Made with 6 simple ingredients, this salad gives low-carb lovers another option to enjoy at a BBQ or picnic. The cauliflower florets are baked in the oven until tender and develop a delicious roasted flavor. Full of color and texture, this salad is sure to satisfy your guests.

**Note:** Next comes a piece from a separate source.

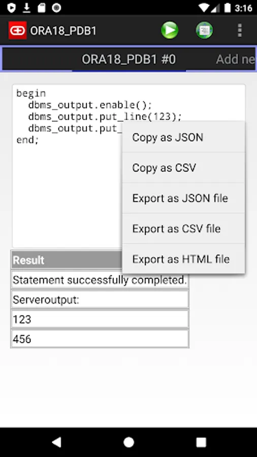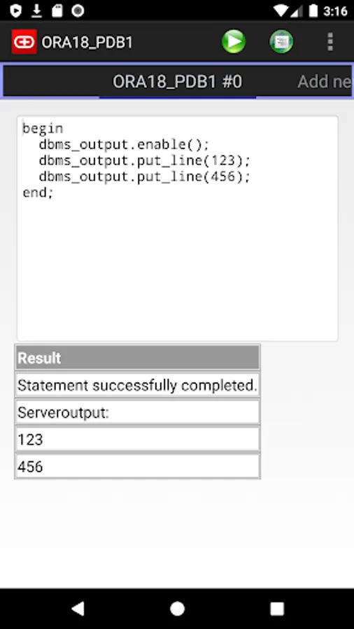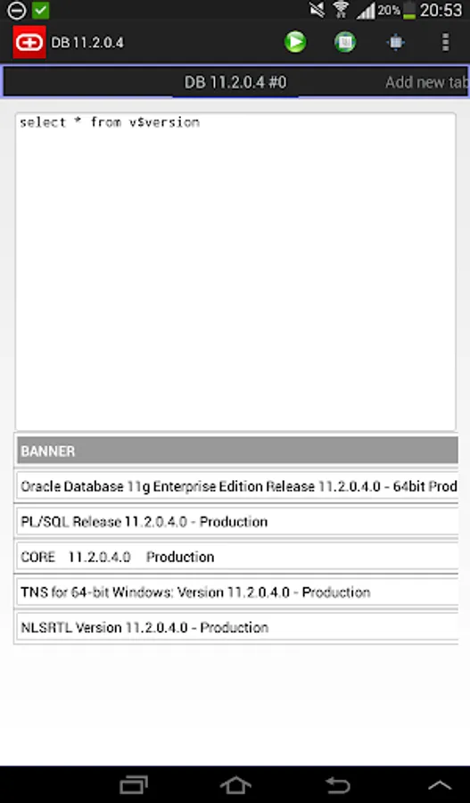 Simple Android Oracle client is a simple app that allows you to execute SQL queries, DML and DDL commands.

On the 1:1:1 Diet, this salad counts as your FAT.
- 2 large heads of cauliflower chopped into florets (6 cups)
- 2 tbsp. avocado oil
- 3/4 cup celery finely chopped (you can add as much as you would like)
- 1/4cup red onion finely diced
- 3tbsp chives finely chopped
- 3tbsp parsley finely chopped
- 1 tbsp. garlic seasoning
- 1.5 cups avocado oil mayo
- ¼ cup chopped pickles/relish
- ¼ cup Dijon mustard
- 5 tsp. salt
- Preheat the oven to 350 degrees
- Cut the head of cauliflower into florets and place on a baking sheet or parchment paper. Drizzle the cauliflower with olive oil or avocado oil, sprinkle garlic seasoning, and bake in the oven for 20 minutes until the cauliflower is tender and slightly golden in color.
- Make the dressing in a separate bowl by combining the avocado oil mayo, pickles, and Dijon mustard, and whisk together.
- Once the cauliflower is tender, remove from the oven and allow to cool before transferring to a salad bowl.
- Combine roasted cauliflower with the dressing and toss.
- Pour red onion, celery, some chives, and parsley into the salad bowl. Mix well.